To run this immense establishment, six stationary steam engines are required, which have a combined strength of one thousand horse power. It takes twenty-two boilers, averaging seventy-five horse power each, to furnish the steam for running these engines and heating the buildings. The floors of the buildings have a combined area equal to _thirteen acres_ of ground; and every square foot of the entire area is in constant use. The whole premises, including the fine dockage, covers no less than thirty-two acres of ground.

Such, in brief, is the factory where your Singer machine was made, dear reader. It is believed to be the most complete, systematic, and best-equipped in the world. It is believed to be the largest establishment in the world devoted to the manufacture of a single article. It gives employment to over 2,300 men and women, and when it “shuts down” to take the annual account of stock, it takes 200 men to do it; and this they call “shutting up the factory!” The men are paid off every _Monday_, instead of every Saturday, and thus in more than one family the wife and children have had cause to bless the kind forethought which removed temptation from the path of some easily persuaded man, and saved him and his week’s earnings to themselves.
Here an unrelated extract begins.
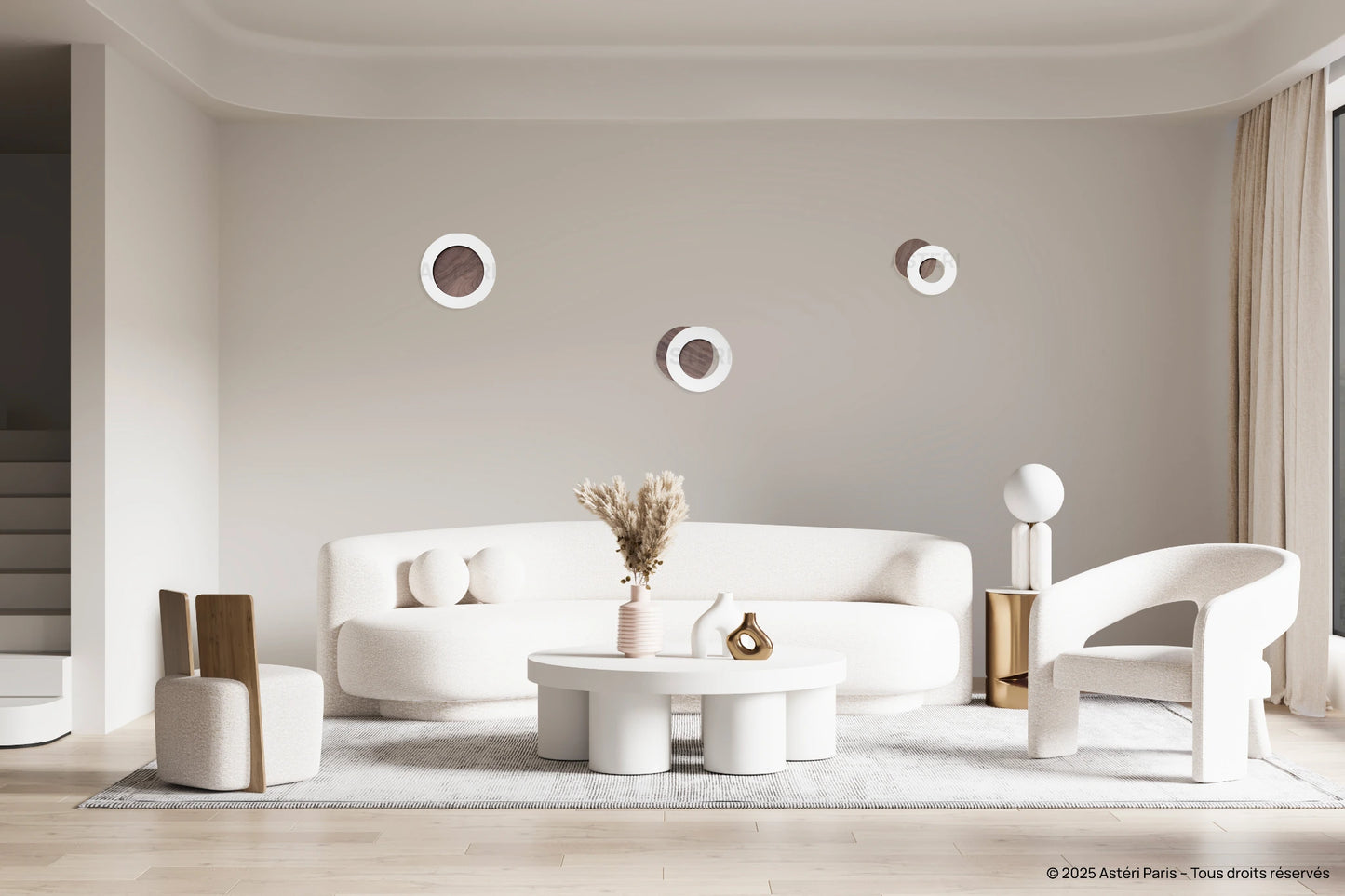 Avec son diamètre intermédiaire, la Vera 26 cm trouve sa place dans tous les environnements : chambre, salon, couloir ou bureau. Sa structure se compose d’un disque mural en bois de noyer et d’un anneau LED orientable qui offre un éclairage personnalisable selon vos envies. Issue de la rencontre entre Astéri et Icone Luce, cette version existe en trois finitions d’anneaux : blanc, noir ou doré. À fixer au mur ou au plafond, Vera combine esthétique contemporaine et flexibilité fonctionnelle.

[Illustration: [Pouring Molds]]

The Singer operatives are among the most thrifty of mechanics. In every case of injury to any of its employés, the Company has dealt with great generosity, and many are the households from which much of the black shadow caused by sickness has been chased by the substantial aid it has afforded. Nor do the hands leave this work alone to their employers. Hardly a man is stricken by disease among their ranks but his comrades interest themselves in his case; and if pecuniary aid is required, the subscription list goes around till every want is supplied at the sick man’s home.

These kindly offices are not confined even to these ample limits. When the ghastly Yellow Fever Spectre was carrying dismay and death throughout the Southern States, the employés of this great factory made up, in less than four days, the splendid sum of $4,100, and sent it out on its errand of mercy to men whom they had never seen nor known.

The factory hands have organized among themselves several very creditable associations. One is a fine Rifle Team, to which the Company contributed a handsome badge for an annual prize; another is a Brass Band of excellent reputation, besides several Ball Clubs having very good records.